__TRY IT__. Nothing in the records may be altered, and no picture may be included. Restate them in full.

__Stored records__.
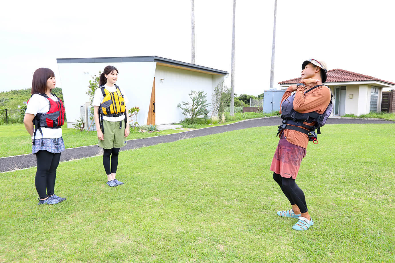 ライフジャケットを身につけたら、インストラクターの髙橋さんのレクチャーのもと、まずは陸上で乗り方、漕ぎ方のレクチャーを受けます。
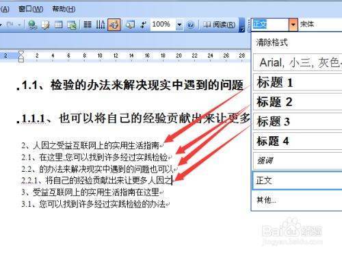 在进行文档中插入目录索引的情况下就需要对文档中进行编辑,把1,2,3的标题改为标题1,把1.1,2.1,2.2,3.1的标题该标题2,把2.2.1的表格改为标题3.
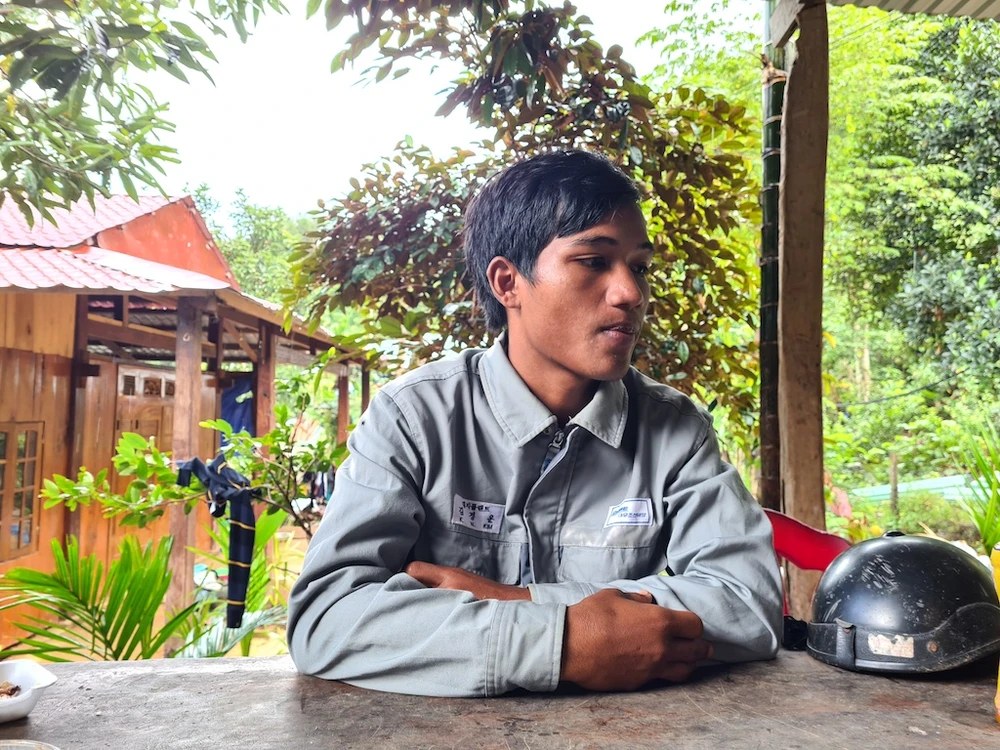 Anh Hồ Văn Hè (23 tuổi, ngụ làng Tăk Pát) cho biết, cơn lũ đổ về quá nhanh nuốt chửng cả ngôi làng, bà con không kịp giữ lại đồ đạc. Ảnh: THANH NHẬT
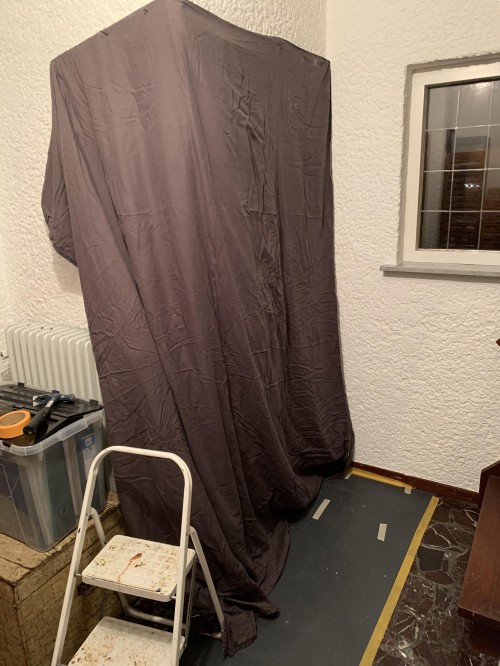 Omdat ik morgen wil starten met slopen heb ik alvast een doek gehangen en wat stucloper neergelegd zodat ik naar buiten kan met het puin en dan niet al teveel rotzooi maak. Het doek wat een oud overtrek is hangt met latjes hout tegen de muur gespijkerd. Dat geeft wel gaatjes, maar dat is niet erg want die muren willen we toch nog laten stuccen zodat het strakke muren worden.
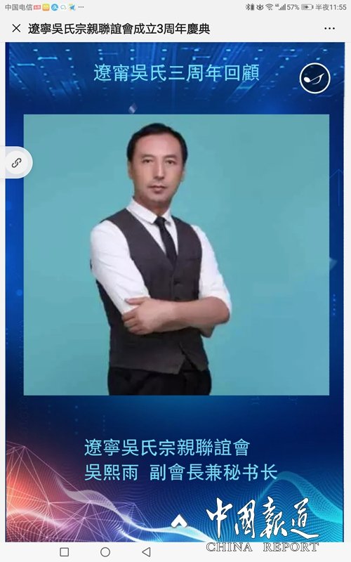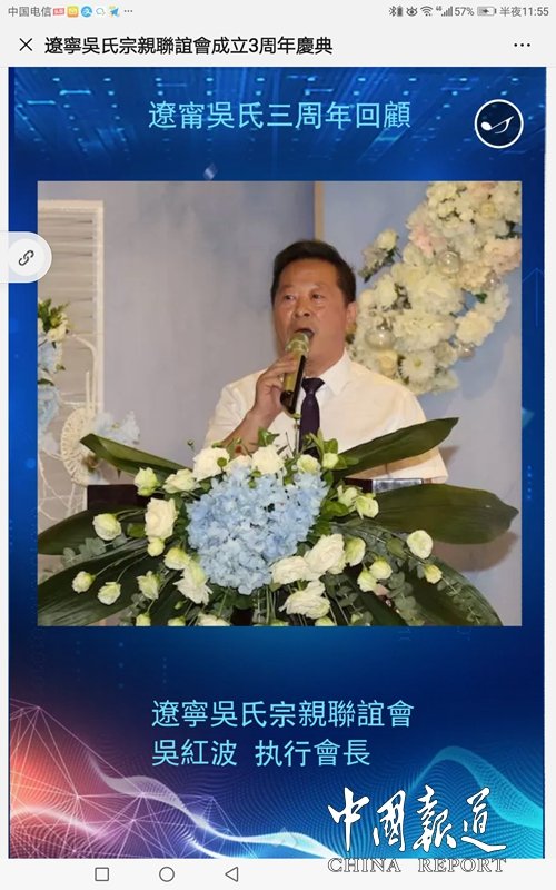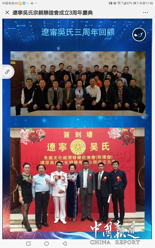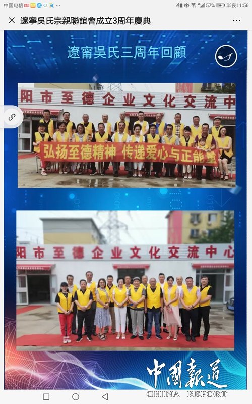 另悉,2019辽宁吴氏宗亲联谊会,辽宁吴氏文化发展有限公司成立三周年将于2019年9月9日在沈阳市迎宾馆如期举行。据介绍,届时将会有50名海外宗亲代表、国内各地宗亲代表50人及辽沈吴氏宗亲近200人出席盛典。
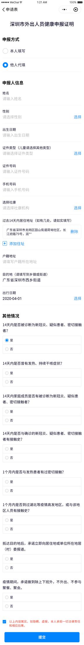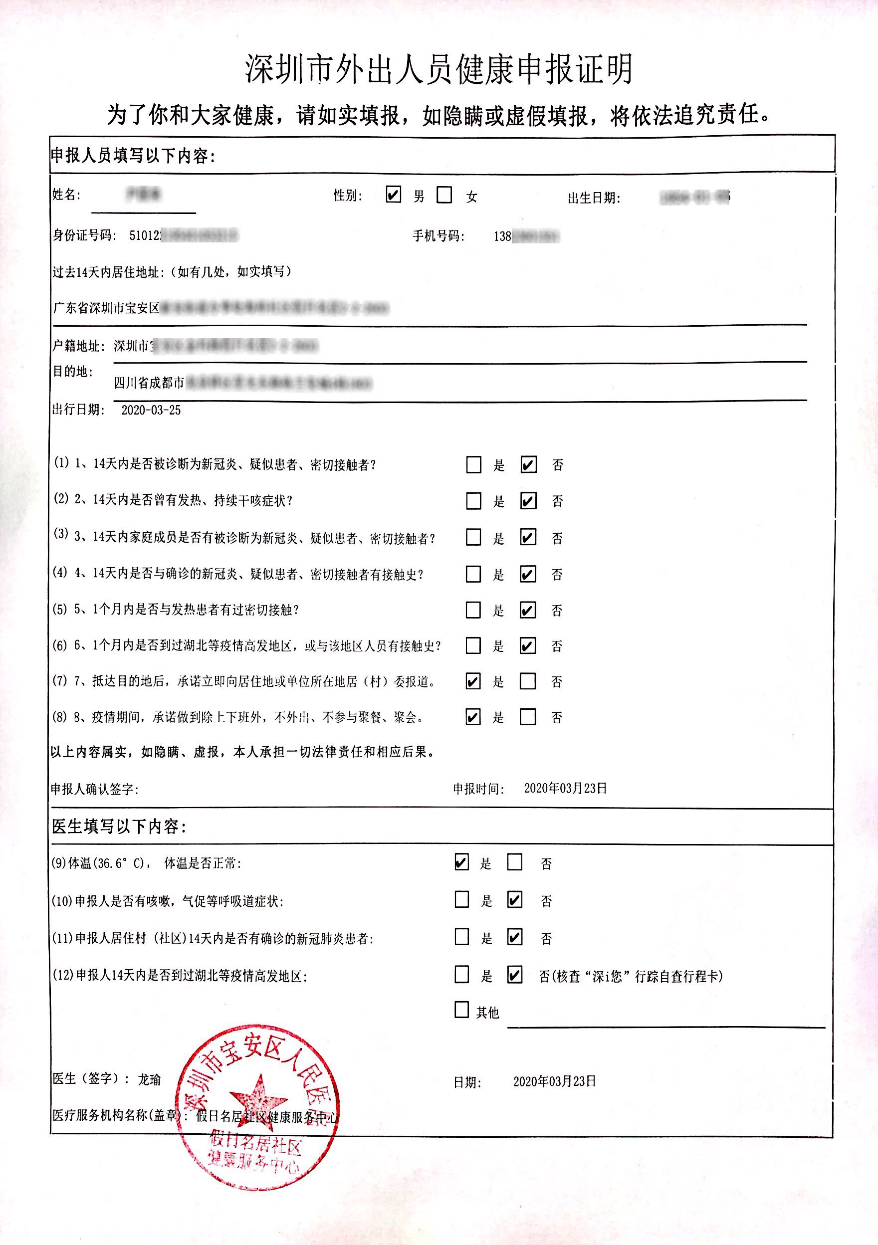 目前,深圳全市所有社康均可出具 《深圳市外出人員健康申報(bào)證明》。需要提醒的是,沒(méi)有微信的老人和小孩可由他人代填,此外,如果出行日期和目的地等有所變更,市民只需重新申報(bào)即可。
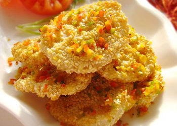 原料:蓮藕、去皮白芝麻、面粉、淀粉、彩椒、泡打粉少許、植物油 調料:鹽、雞精 做法: 1、彩椒切碎,蓮藕去皮,切片,放入開水中焯一下,將焯好的藕片快速放入涼水中過涼,瀝干水分備用。 2、以面粉2勺淀粉3勺的比例,加入適量清水、泡打粉少許和鹽,調成面糊。 3、將藕片均勻的沾上面糊,再裹上白芝麻,放入油鍋中炸至芝麻金黃,撈出備用。 4、鍋中留少許植物油,放入彩椒碎煸炒,煸至彩椒沒有水分時將炸好的藕片翻放入鍋中,加鹽和雞精,快速拌炒均勻即可。 |
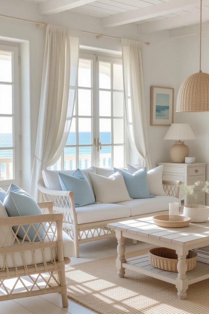 This room feels like the beach. The colors are blue and white. The curtains blow in the wind. It looks soft and happy, like a house near the sea.
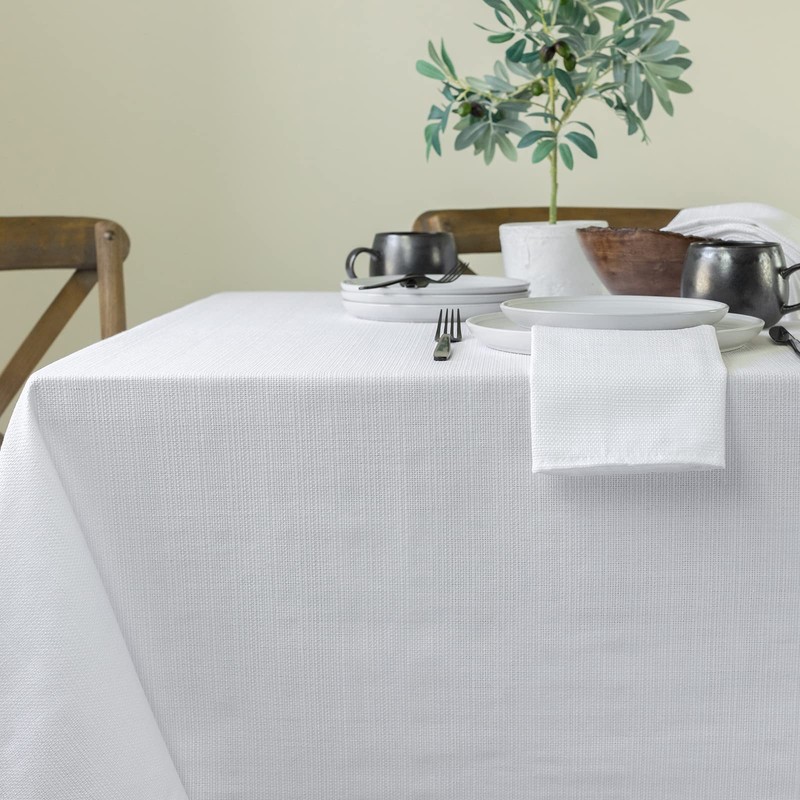 Benson Mills Textured Fabric Table Cloth, for Everyday Home Dining, Parties, Weddings & Holiday tablecloths (60" x 120" Rectangular, White)
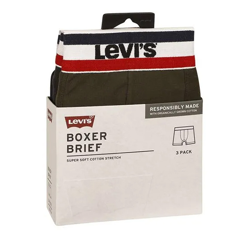 3-pack boxershorts van Levi's. In de verpakking zitten drie boxershorts: blauw, grijs en een groene. Ze zijn voorzien van een elastische tailleband gemaakt van biologisch stretch katoen. In de tailleband is het Levi's logo te zien. De shorts hebben een lang pijpje en zijn gemaakt van zacht stretch katoen wat ervoor zorgt dat ze een aansluitende pasvorm hebben en comfortabel dragen. Ook fijn is dat de pijpjes niet omhoog kruipen!

__ANSWER TO THE PROBLEM__.
 ライフジャケットを身につけたら、インストラクターの髙橋さんのレクチャーのもと、まずは陸上で乗り方、漕ぎ方のレクチャーを受けます。
 在进行文档中插入目录索引的情况下就需要对文档中进行编辑,把1,2,3的标题改为标题1,把1.1,2.1,2.2,3.1的标题该标题2,把2.2.1的表格改为标题3.
 Anh Hồ Văn Hè (23 tuổi, ngụ làng Tăk Pát) cho biết, cơn lũ đổ về quá nhanh nuốt chửng cả ngôi làng, bà con không kịp giữ lại đồ đạc. Ảnh: THANH NHẬT
 Omdat ik morgen wil starten met slopen heb ik alvast een doek gehangen en wat stucloper neergelegd zodat ik naar buiten kan met het puin en dan niet al teveel rotzooi maak. Het doek wat een oud overtrek is hangt met latjes hout tegen de muur gespijkerd. Dat geeft wel gaatjes, maar dat is niet erg want die muren willen we toch nog laten stuccen zodat het strakke muren worden.
 另悉,2019辽宁吴氏宗亲联谊会,辽宁吴氏文化发展有限公司成立三周年将于2019年9月9日在沈阳市迎宾馆如期举行。据介绍,届时将会有50名海外宗亲代表、国内各地宗亲代表50人及辽沈吴氏宗亲近200人出席盛典。
 目前,深圳全市所有社康均可出具 《深圳市外出人員健康申報(bào)證明》。需要提醒的是,沒(méi)有微信的老人和小孩可由他人代填,此外,如果出行日期和目的地等有所變更,市民只需重新申報(bào)即可。
 原料:蓮藕、去皮白芝麻、面粉、淀粉、彩椒、泡打粉少許、植物油 調料:鹽、雞精 做法: 1、彩椒切碎,蓮藕去皮,切片,放入開水中焯一下,將焯好的藕片快速放入涼水中過涼,瀝干水分備用。 2、以面粉2勺淀粉3勺的比例,加入適量清水、泡打粉少許和鹽,調成面糊。 3、將藕片均勻的沾上面糊,再裹上白芝麻,放入油鍋中炸至芝麻金黃,撈出備用。 4、鍋中留少許植物油,放入彩椒碎煸炒,煸至彩椒沒有水分時將炸好的藕片翻放入鍋中,加鹽和雞精,快速拌炒均勻即可。 |
 This room feels like the beach. The colors are blue and white. The curtains blow in the wind. It looks soft and happy, like a house near the sea.
 Benson Mills Textured Fabric Table Cloth, for Everyday Home Dining, Parties, Weddings & Holiday tablecloths (60" x 120" Rectangular, White)
 3-pack boxershorts van Levi's. In de verpakking zitten drie boxershorts: blauw, grijs en een groene. Ze zijn voorzien van een elastische tailleband gemaakt van biologisch stretch katoen. In de tailleband is het Levi's logo te zien. De shorts hebben een lang pijpje en zijn gemaakt van zacht stretch katoen wat ervoor zorgt dat ze een aansluitende pasvorm hebben en comfortabel dragen. Ook fijn is dat de pijpjes niet omhoog kruipen!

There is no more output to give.